Dataset records
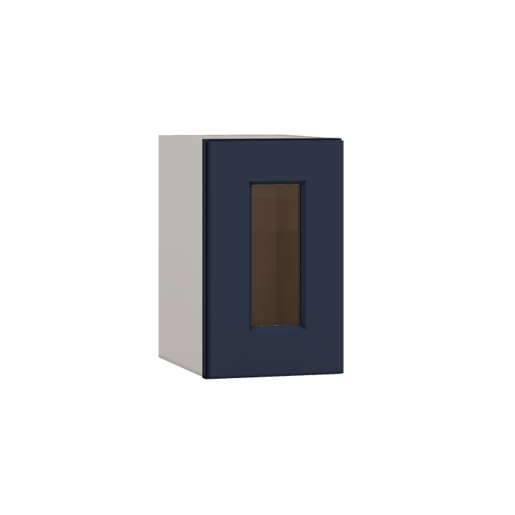 15" Tall 29NB Naval Blue Shaker Stackable Glass Wall Cabinet - Single Door 9", 12", 15", 18" & 21" Wide
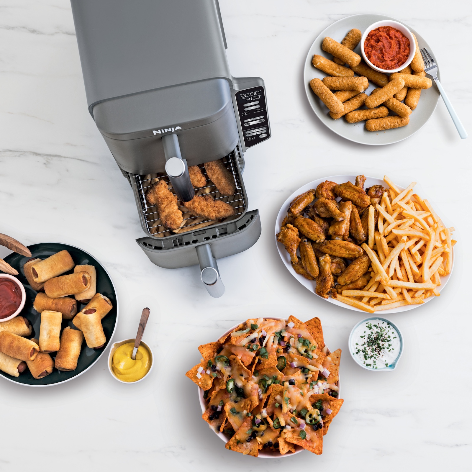 Diese Heißluftfritteuse mit zwei Schubladen eignet sich perfekt für große Familien und viele Gäste, denn in jede 4,75-Liter-Schublade passt ein ganzes 1,4 kg schweres Brathähnchen. Perfekt für Portionen für bis zu 8 Personen. Kochen Sie auf 4 Ebenen gleichzeitig für gleichmäßig knusprige Ergebnisse. Setzen Sie einfach die mitgelieferten Double Stack-Grillroste in jede Schublade ein, um die Kochfläche zu verdoppeln.
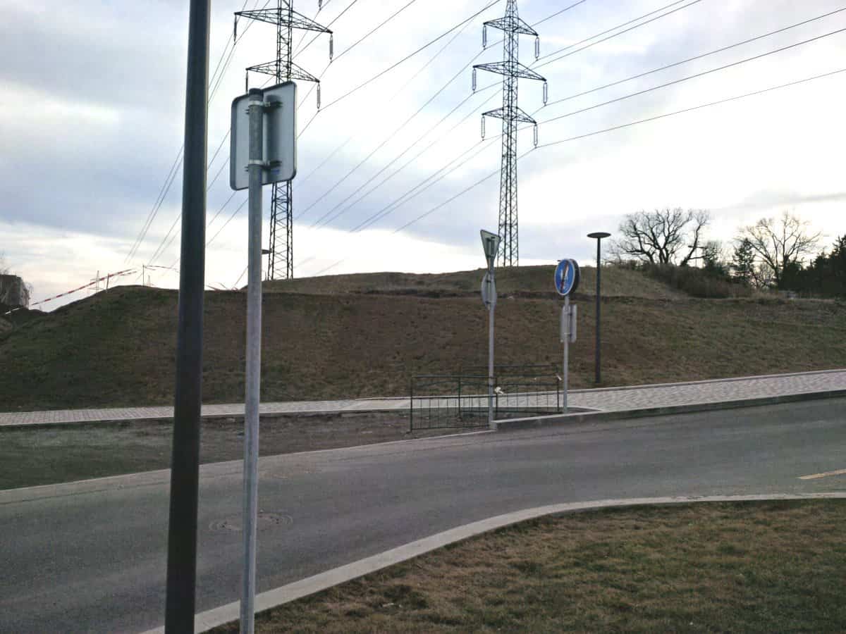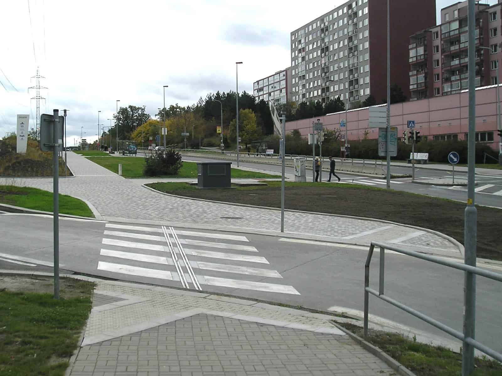 Místo není vyřešené zrovna nejlépe, na ukončení stezky chybí snížená obruba a musí se zde proto jezdit přes přejezd pro cyklisty. Místo ale prochází stavebními úpravami, právě zde bude příjezd do staveniště ve zbývajícím volném prostoru a tak se zde situace bude ještě měnit – viz foto stejného místa z března (bráno od přejezdu):
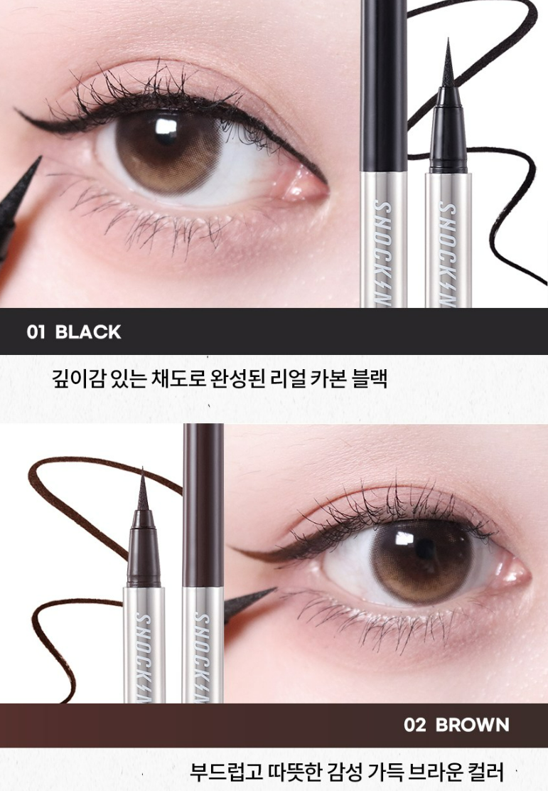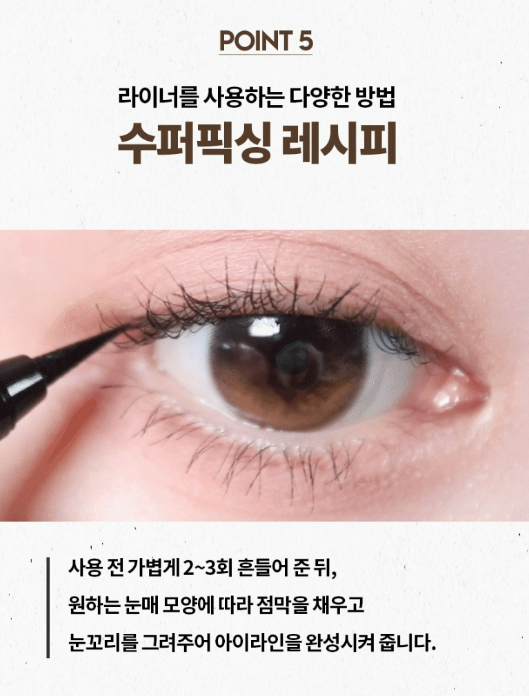 사용 전 가볍게 2~3회 흐들어 준 뒤, 원하는 눈매 모양에 따라 점막을 채우고 눈꼬리를 그려주어 아이라인을 완성시켜 주세요.
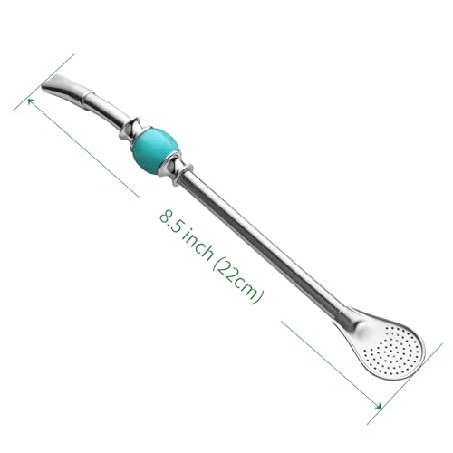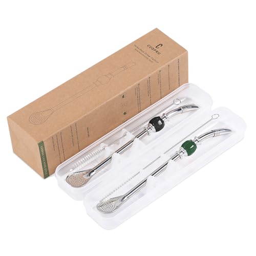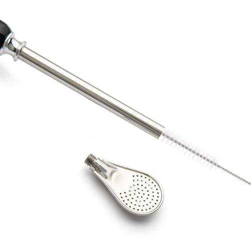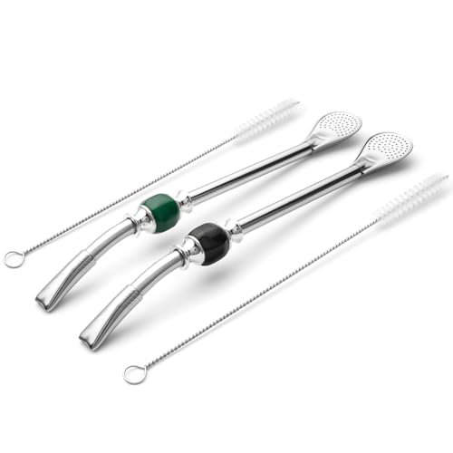 Cuopru - شفاطات لمشروب المتة مصنوعة من الفولاذ المقاوم للصدأ مع حافظة وفلتر برأس قابل للإزالة وخرز ملون وفرشاة للتنظيف من كوبرو (لون أسود وأخضر)

- TASK TO COMPLETE -
Write out the records once more, exactly as they stand, with no images.

- FINISHED TASK -
 15" Tall 29NB Naval Blue Shaker Stackable Glass Wall Cabinet - Single Door 9", 12", 15", 18" & 21" Wide
 Diese Heißluftfritteuse mit zwei Schubladen eignet sich perfekt für große Familien und viele Gäste, denn in jede 4,75-Liter-Schublade passt ein ganzes 1,4 kg schweres Brathähnchen. Perfekt für Portionen für bis zu 8 Personen. Kochen Sie auf 4 Ebenen gleichzeitig für gleichmäßig knusprige Ergebnisse. Setzen Sie einfach die mitgelieferten Double Stack-Grillroste in jede Schublade ein, um die Kochfläche zu verdoppeln.
 Místo není vyřešené zrovna nejlépe, na ukončení stezky chybí snížená obruba a musí se zde proto jezdit přes přejezd pro cyklisty. Místo ale prochází stavebními úpravami, právě zde bude příjezd do staveniště ve zbývajícím volném prostoru a tak se zde situace bude ještě měnit – viz foto stejného místa z března (bráno od přejezdu):
 사용 전 가볍게 2~3회 흐들어 준 뒤, 원하는 눈매 모양에 따라 점막을 채우고 눈꼬리를 그려주어 아이라인을 완성시켜 주세요.
 Cuopru - شفاطات لمشروب المتة مصنوعة من الفولاذ المقاوم للصدأ مع حافظة وفلتر برأس قابل للإزالة وخرز ملون وفرشاة للتنظيف من كوبرو (لون أسود وأخضر)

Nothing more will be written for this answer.